**PROBLEM DETAILS**
From the entries below, print exactly the span beginning with the line holding "Postcard Saying Das" and ending with the line holding "وتقدم إلينا الرواية", endpoints included, and skip any pictures.

**DATA FOR REVIEW**
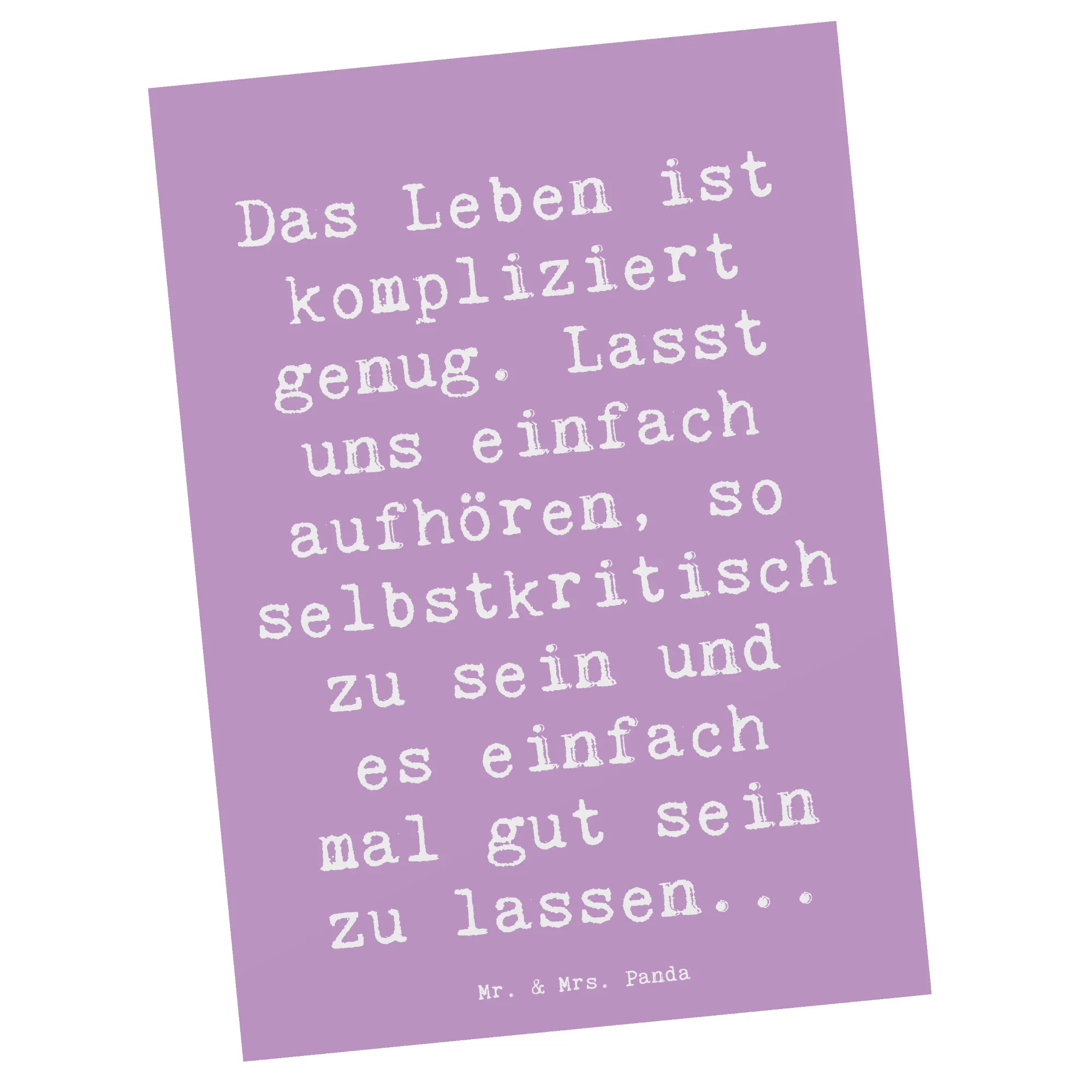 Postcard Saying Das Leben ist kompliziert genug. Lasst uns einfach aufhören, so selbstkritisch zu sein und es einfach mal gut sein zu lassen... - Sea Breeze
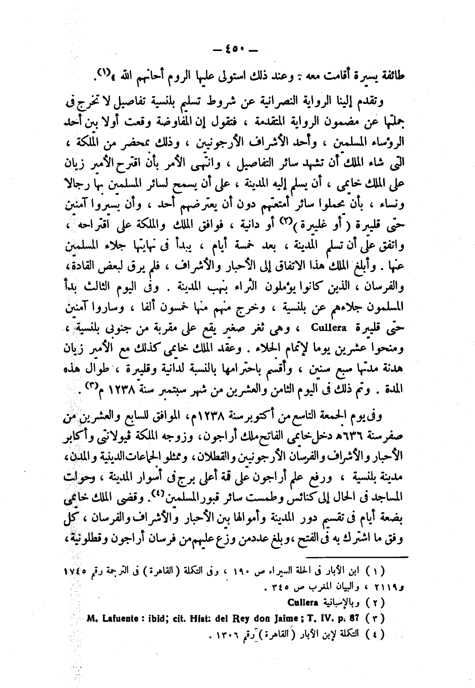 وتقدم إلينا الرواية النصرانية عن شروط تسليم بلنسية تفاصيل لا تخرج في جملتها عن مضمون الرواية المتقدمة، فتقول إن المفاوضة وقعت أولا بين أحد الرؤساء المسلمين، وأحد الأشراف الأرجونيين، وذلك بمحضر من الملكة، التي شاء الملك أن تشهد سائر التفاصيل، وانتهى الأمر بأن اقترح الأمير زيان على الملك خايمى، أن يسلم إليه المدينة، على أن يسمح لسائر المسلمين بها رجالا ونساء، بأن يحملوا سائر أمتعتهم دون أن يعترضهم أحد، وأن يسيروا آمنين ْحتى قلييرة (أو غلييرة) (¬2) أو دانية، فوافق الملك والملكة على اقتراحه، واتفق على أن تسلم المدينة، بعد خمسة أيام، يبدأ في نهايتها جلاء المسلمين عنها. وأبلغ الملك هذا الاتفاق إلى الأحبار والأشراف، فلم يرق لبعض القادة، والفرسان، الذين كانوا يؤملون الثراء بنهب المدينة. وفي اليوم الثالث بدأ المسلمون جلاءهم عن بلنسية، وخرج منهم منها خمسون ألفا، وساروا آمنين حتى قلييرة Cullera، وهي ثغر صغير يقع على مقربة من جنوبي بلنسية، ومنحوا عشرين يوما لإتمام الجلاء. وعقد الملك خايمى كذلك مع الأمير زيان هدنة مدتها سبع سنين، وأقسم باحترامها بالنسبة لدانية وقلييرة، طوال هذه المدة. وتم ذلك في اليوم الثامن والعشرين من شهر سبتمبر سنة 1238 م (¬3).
--
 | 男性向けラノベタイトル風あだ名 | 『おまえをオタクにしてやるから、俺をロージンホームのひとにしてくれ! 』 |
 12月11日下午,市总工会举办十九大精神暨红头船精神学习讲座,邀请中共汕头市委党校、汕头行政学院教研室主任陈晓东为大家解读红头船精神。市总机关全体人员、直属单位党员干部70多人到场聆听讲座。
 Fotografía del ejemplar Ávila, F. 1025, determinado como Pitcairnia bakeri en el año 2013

**ANSWER TO THE PROBLEM**
 Postcard Saying Das Leben ist kompliziert genug. Lasst uns einfach aufhören, so selbstkritisch zu sein und es einfach mal gut sein zu lassen... - Sea Breeze
 وتقدم إلينا الرواية النصرانية عن شروط تسليم بلنسية تفاصيل لا تخرج في جملتها عن مضمون الرواية المتقدمة، فتقول إن المفاوضة وقعت أولا بين أحد الرؤساء المسلمين، وأحد الأشراف الأرجونيين، وذلك بمحضر من الملكة، التي شاء الملك أن تشهد سائر التفاصيل، وانتهى الأمر بأن اقترح الأمير زيان على الملك خايمى، أن يسلم إليه المدينة، على أن يسمح لسائر المسلمين بها رجالا ونساء، بأن يحملوا سائر أمتعتهم دون أن يعترضهم أحد، وأن يسيروا آمنين ْحتى قلييرة (أو غلييرة) (¬2) أو دانية، فوافق الملك والملكة على اقتراحه، واتفق على أن تسلم المدينة، بعد خمسة أيام، يبدأ في نهايتها جلاء المسلمين عنها. وأبلغ الملك هذا الاتفاق إلى الأحبار والأشراف، فلم يرق لبعض القادة، والفرسان، الذين كانوا يؤملون الثراء بنهب المدينة. وفي اليوم الثالث بدأ المسلمون جلاءهم عن بلنسية، وخرج منهم منها خمسون ألفا، وساروا آمنين حتى قلييرة Cullera، وهي ثغر صغير يقع على مقربة من جنوبي بلنسية، ومنحوا عشرين يوما لإتمام الجلاء. وعقد الملك خايمى كذلك مع الأمير زيان هدنة مدتها سبع سنين، وأقسم باحترامها بالنسبة لدانية وقلييرة، طوال هذه المدة. وتم ذلك في اليوم الثامن والعشرين من شهر سبتمبر سنة 1238 م (¬3).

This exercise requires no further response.